7

We have a setup with AWS ECS task scheduled with CloudWatch Events / EventBridge. We'd like to have metrics & notification for failed runs based on container exit code.

We were planning to use FailedInvocations from Monitoring Usage with CloudWatch Metrics.

However, it seems that non-zero task exit code isn't seen in the metrics.
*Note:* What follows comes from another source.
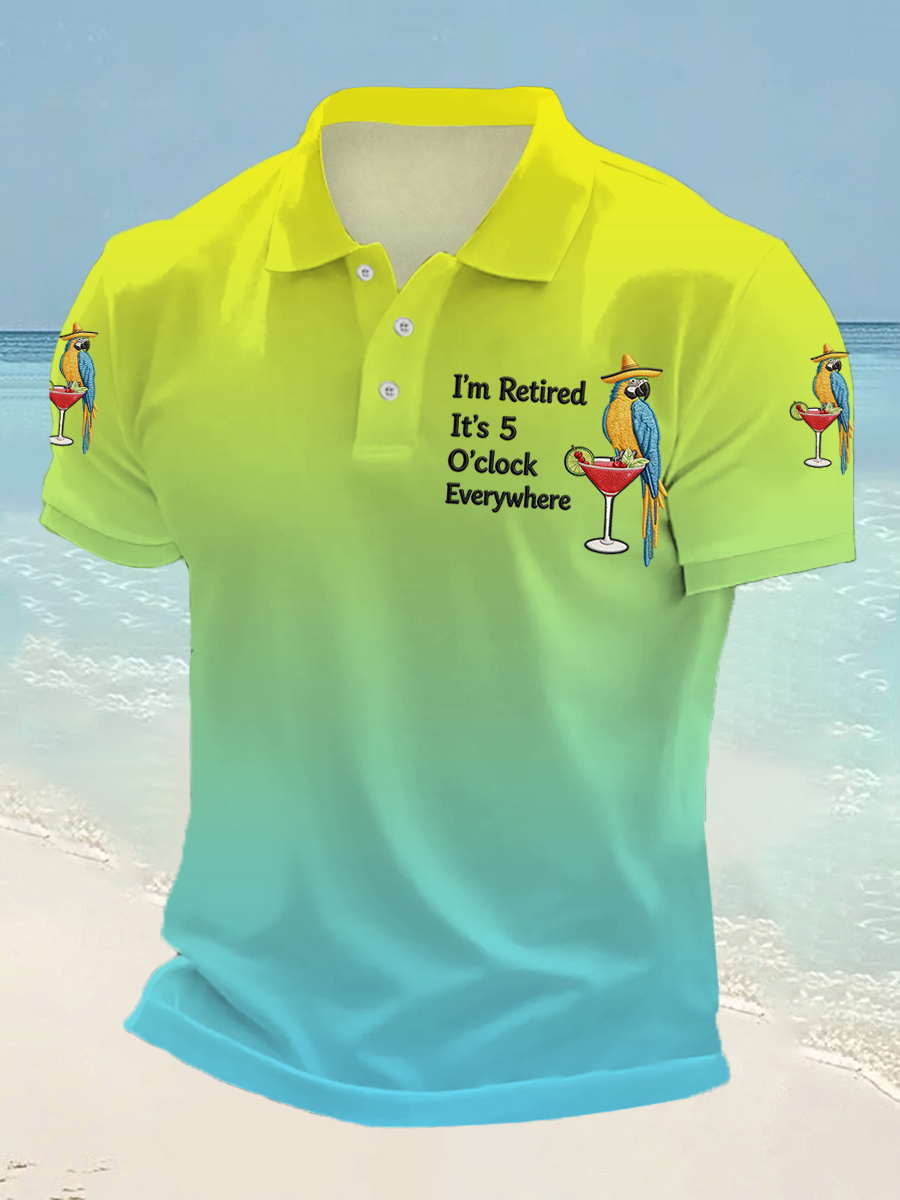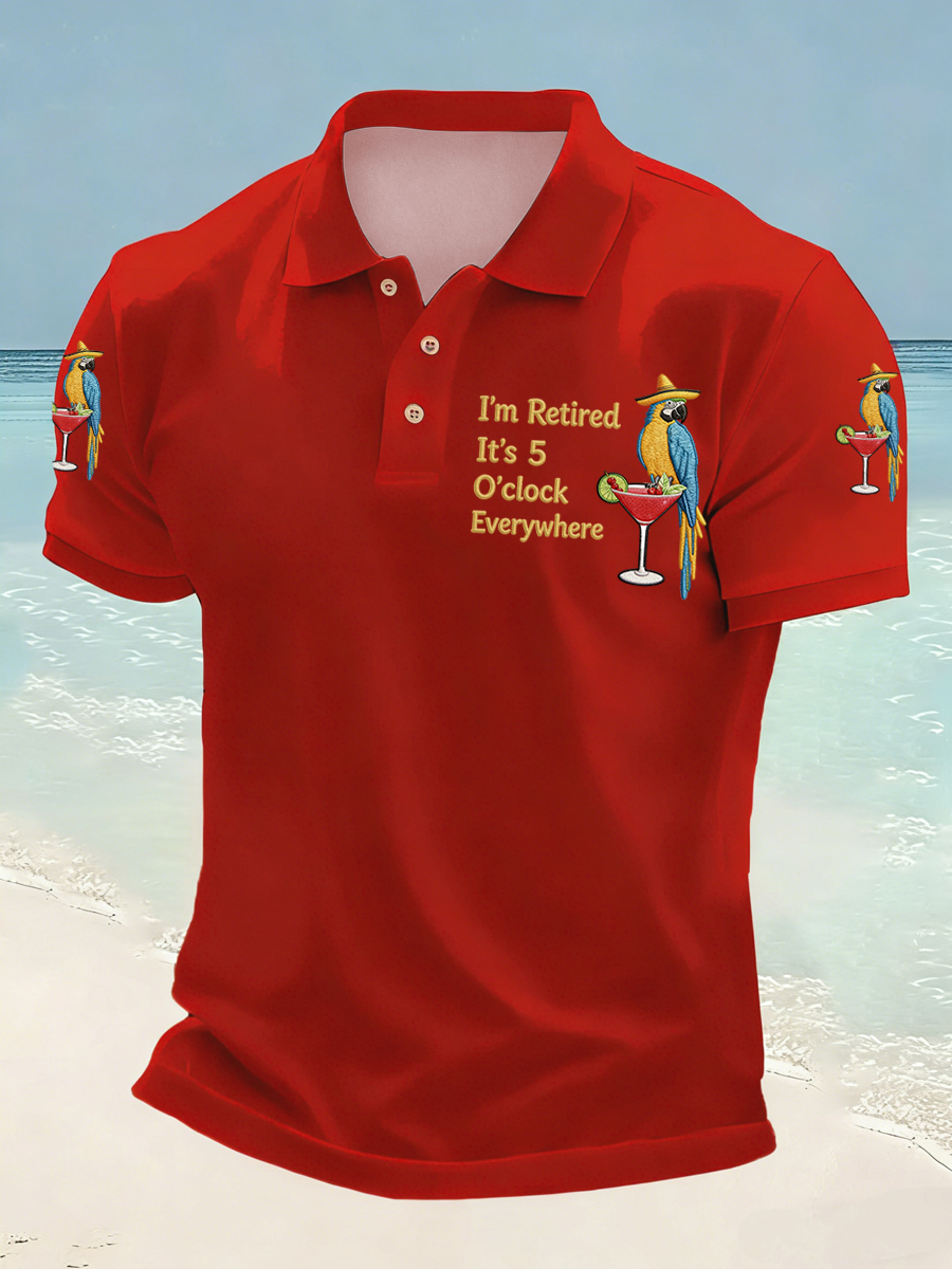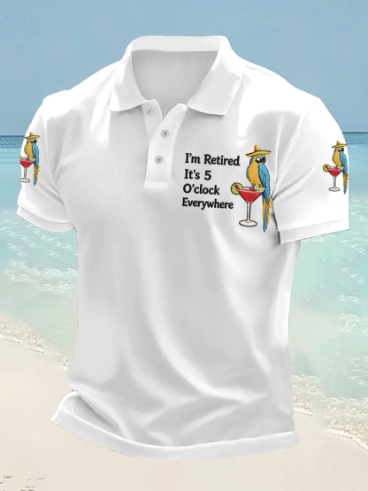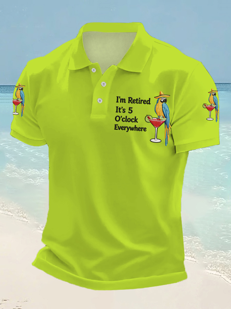Men's I'm Retired It's 5 O'clock Everywhere Parrot Print Casual Polo

The exit code for the ECS task is verified to be non-zero in AWS console but the metrics include only "Invocations" & "TriggeredRules". We had FailedInvocations earlier when setting up the task and missing policies required to start the task but non-zero exit code doesn't seem to effect that metric.

Is it just that EventBridge doesn't provide metrics for a non-zero container exit code or could we miss something in our setup?

We can work this around with the task logging certain error message but exit code would be more general.

Touko
  • 11,359
  • 16
  • 75
  • 105
  • 1
    You might want to look at creating an Event which is triggered when the Task reaches STOPPED see https://stackoverflow.com/questions/55176187/creating-an-cloudwatch-event-rule-for-failed-ecs-tasks – Tom Harvey Dec 11 '20 at 15:03

1 Answers1

3

I've created a CW Rule which will catch the event which is fired when a container stops.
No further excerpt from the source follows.